## [Try it]
Using the entries below, copy exactly each line from the line with "Umhverfis- og skipulagsráð nr. 23" up to and including the line with "El Trofeo Federación", with every picture left out.

## [Provided entries]
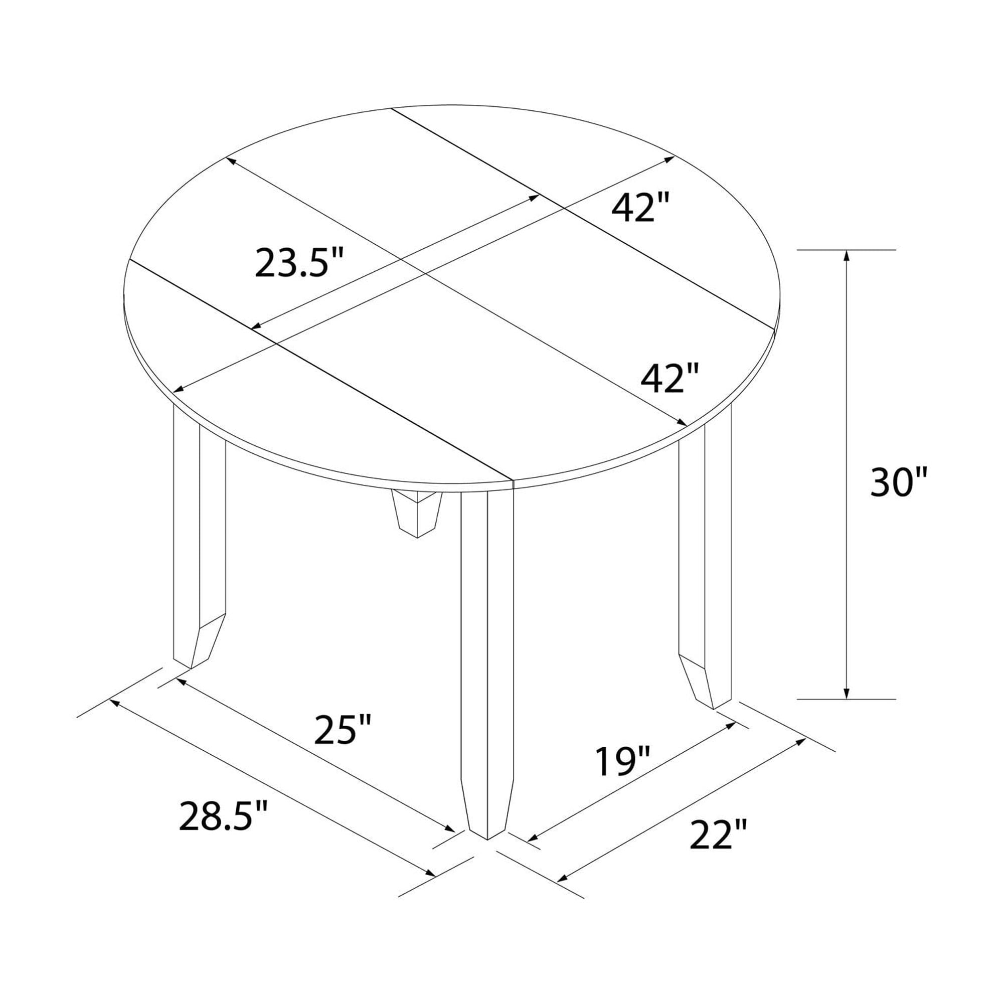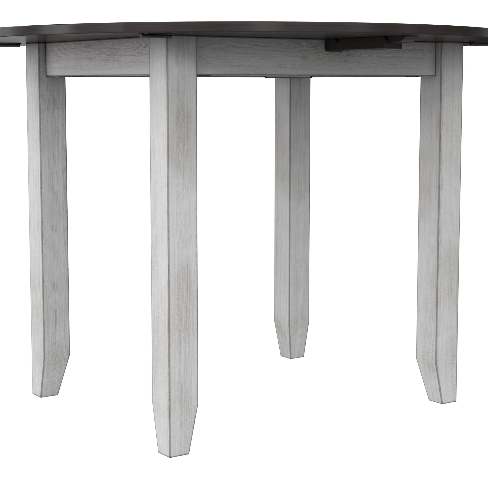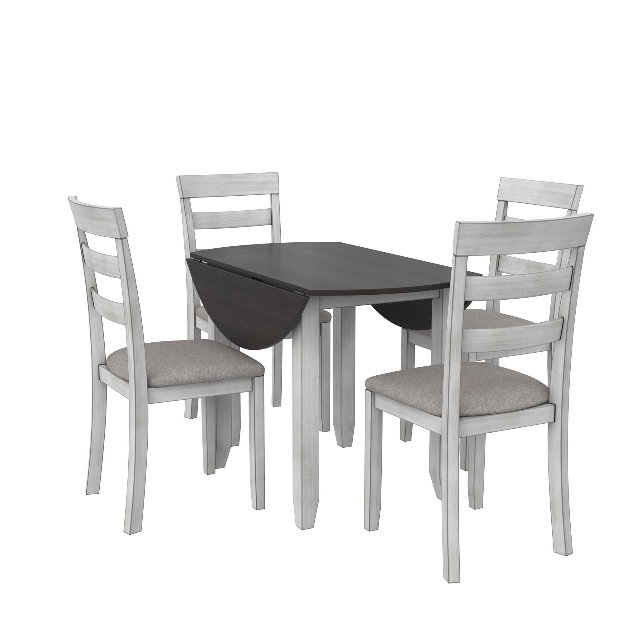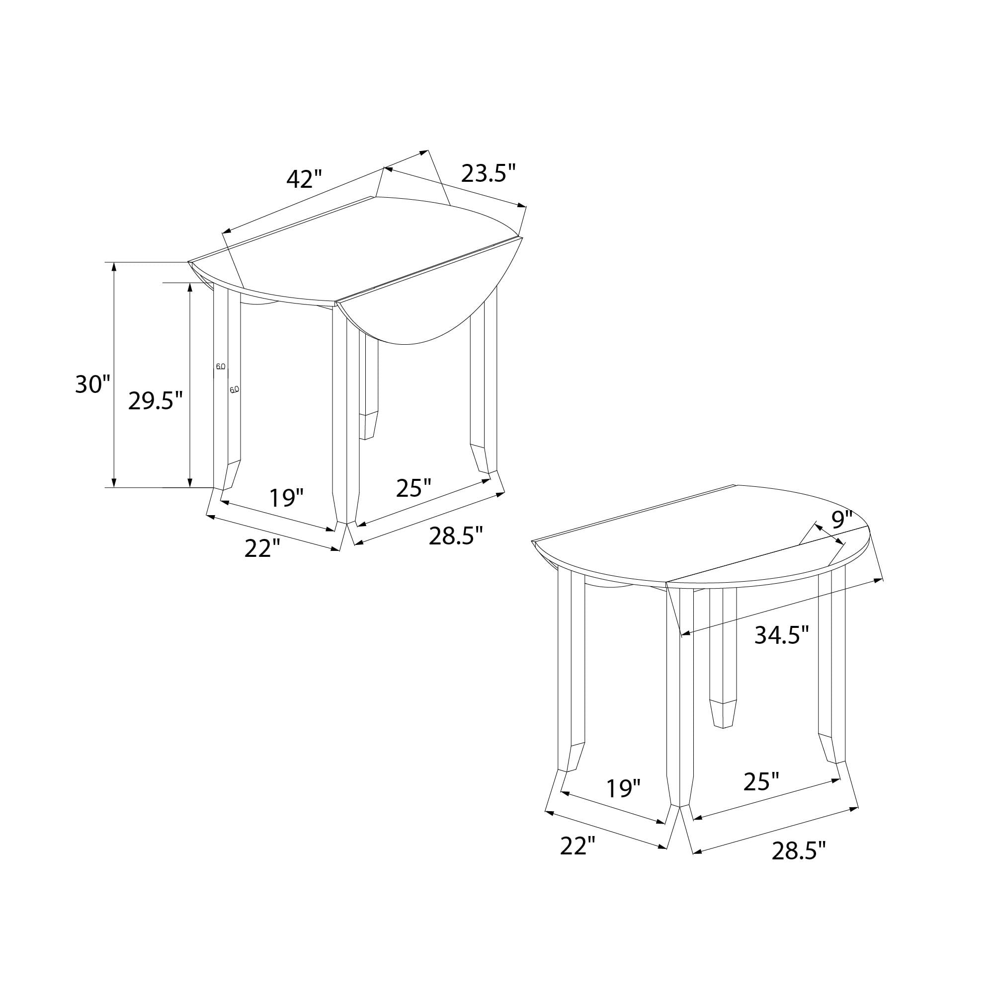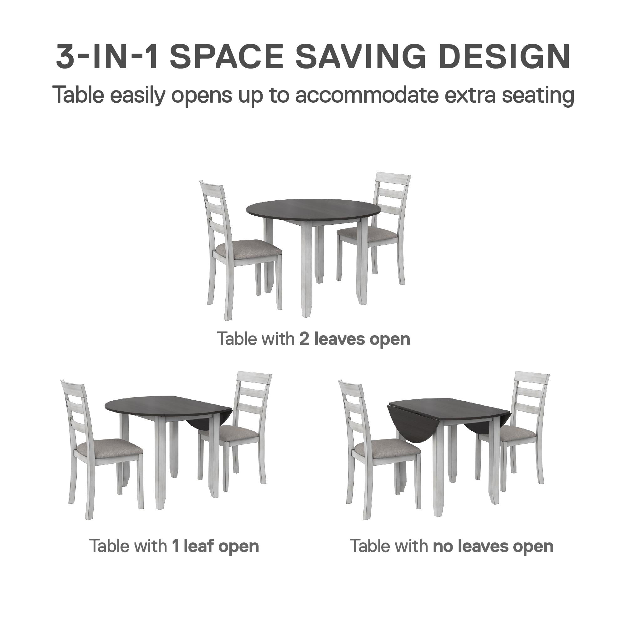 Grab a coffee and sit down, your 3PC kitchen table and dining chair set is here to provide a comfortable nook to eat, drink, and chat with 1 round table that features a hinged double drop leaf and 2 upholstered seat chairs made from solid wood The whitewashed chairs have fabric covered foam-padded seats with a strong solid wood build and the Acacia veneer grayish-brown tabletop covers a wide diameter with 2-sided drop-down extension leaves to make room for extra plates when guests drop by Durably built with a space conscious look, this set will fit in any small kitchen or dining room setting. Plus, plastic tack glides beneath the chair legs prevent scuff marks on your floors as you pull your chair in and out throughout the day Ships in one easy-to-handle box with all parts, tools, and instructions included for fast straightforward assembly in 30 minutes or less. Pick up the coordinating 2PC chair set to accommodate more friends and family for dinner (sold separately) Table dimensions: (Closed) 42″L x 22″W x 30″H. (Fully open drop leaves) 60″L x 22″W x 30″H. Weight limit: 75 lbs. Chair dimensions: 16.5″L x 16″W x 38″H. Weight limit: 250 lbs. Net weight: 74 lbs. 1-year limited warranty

...

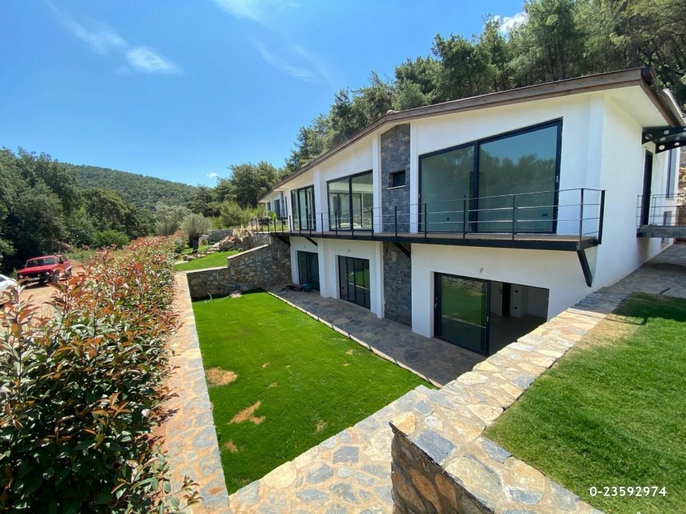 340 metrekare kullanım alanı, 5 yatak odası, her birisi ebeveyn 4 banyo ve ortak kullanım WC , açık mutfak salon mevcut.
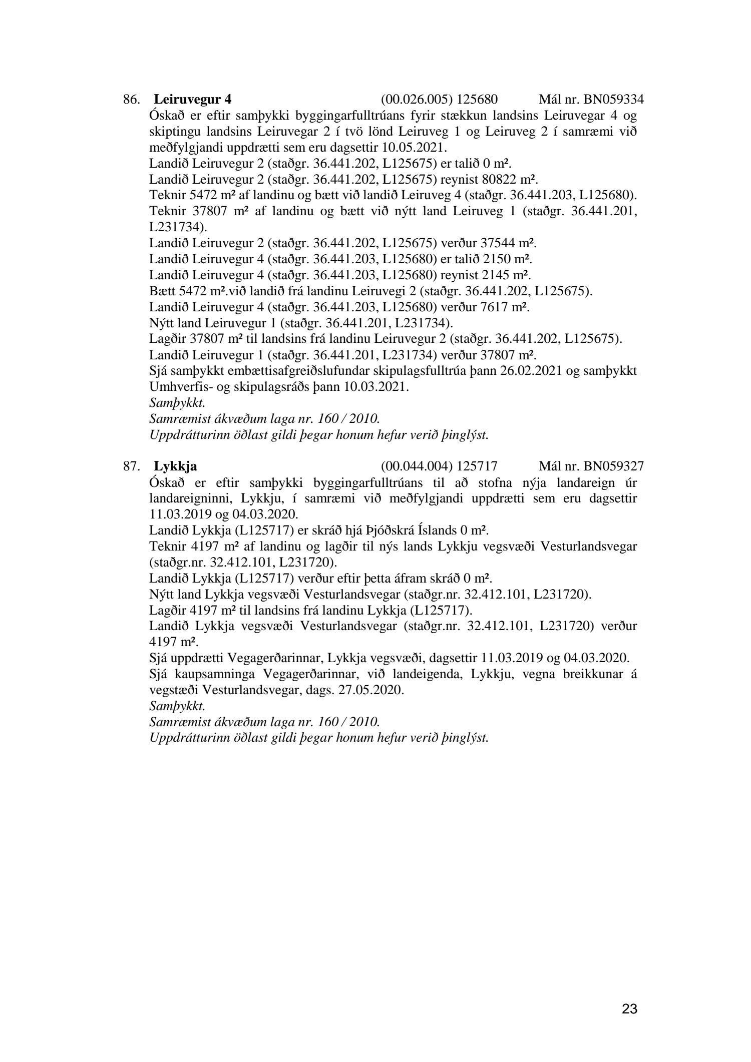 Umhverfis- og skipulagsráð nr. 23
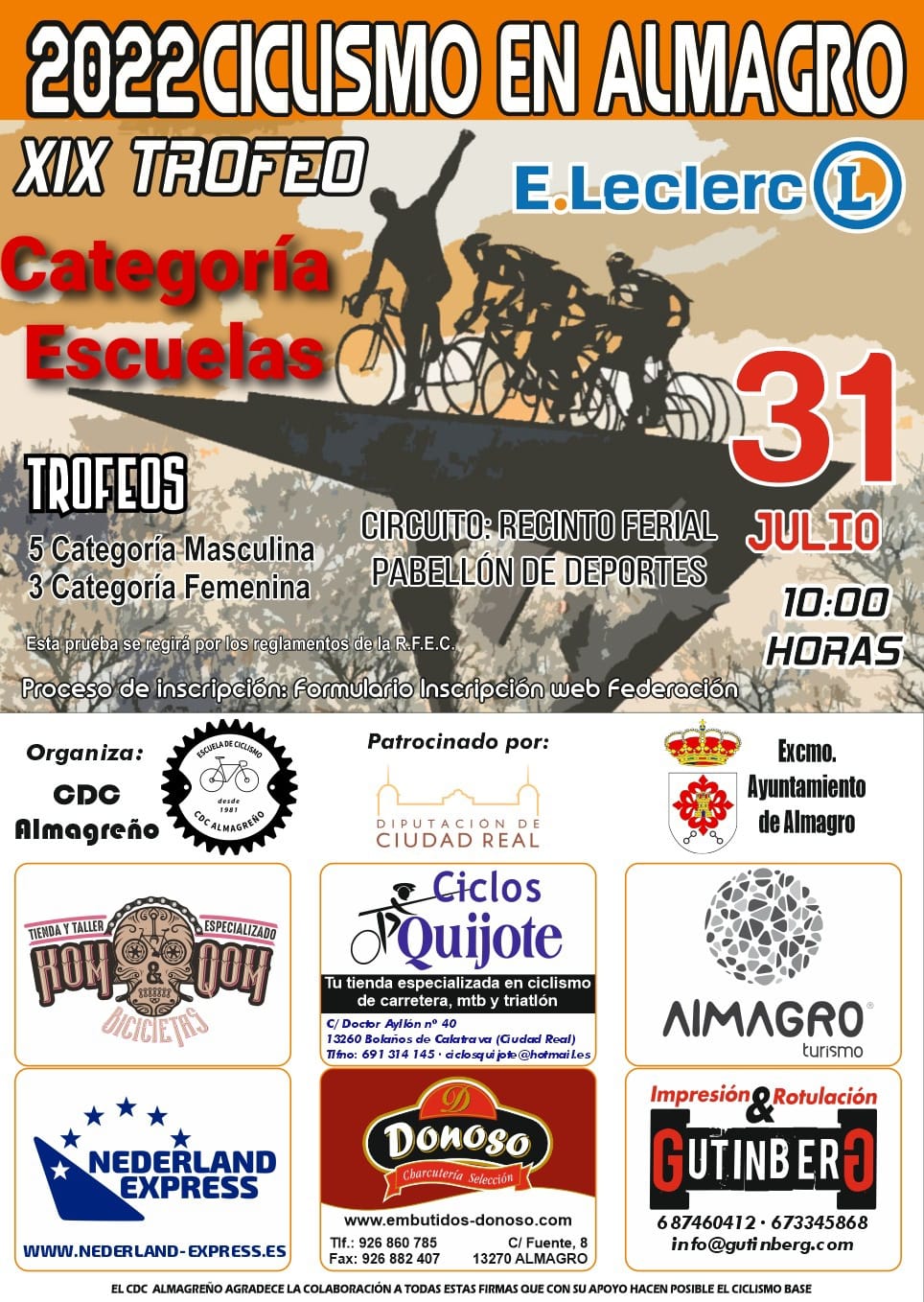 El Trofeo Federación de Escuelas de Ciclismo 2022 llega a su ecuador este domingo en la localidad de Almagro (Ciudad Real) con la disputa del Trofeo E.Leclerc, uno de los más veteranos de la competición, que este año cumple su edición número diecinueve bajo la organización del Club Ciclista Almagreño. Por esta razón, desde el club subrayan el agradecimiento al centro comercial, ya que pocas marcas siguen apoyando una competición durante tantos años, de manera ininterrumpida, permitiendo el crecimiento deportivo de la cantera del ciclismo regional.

* * *

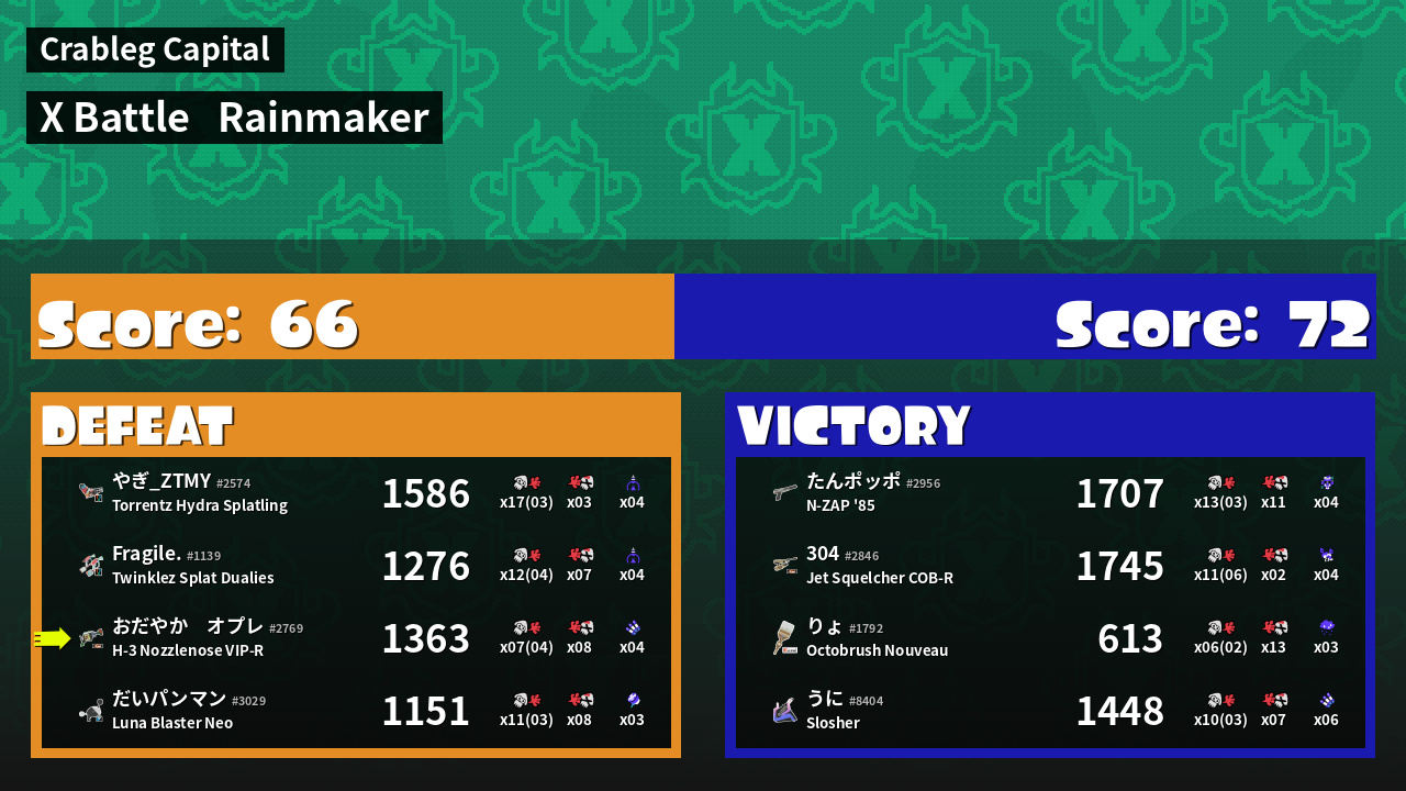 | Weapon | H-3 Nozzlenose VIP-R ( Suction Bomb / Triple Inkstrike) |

## [Output]
 Umhverfis- og skipulagsráð nr. 23
 El Trofeo Federación de Escuelas de Ciclismo 2022 llega a su ecuador este domingo en la localidad de Almagro (Ciudad Real) con la disputa del Trofeo E.Leclerc, uno de los más veteranos de la competición, que este año cumple su edición número diecinueve bajo la organización del Club Ciclista Almagreño. Por esta razón, desde el club subrayan el agradecimiento al centro comercial, ya que pocas marcas siguen apoyando una competición durante tantos años, de manera ininterrumpida, permitiendo el crecimiento deportivo de la cantera del ciclismo regional.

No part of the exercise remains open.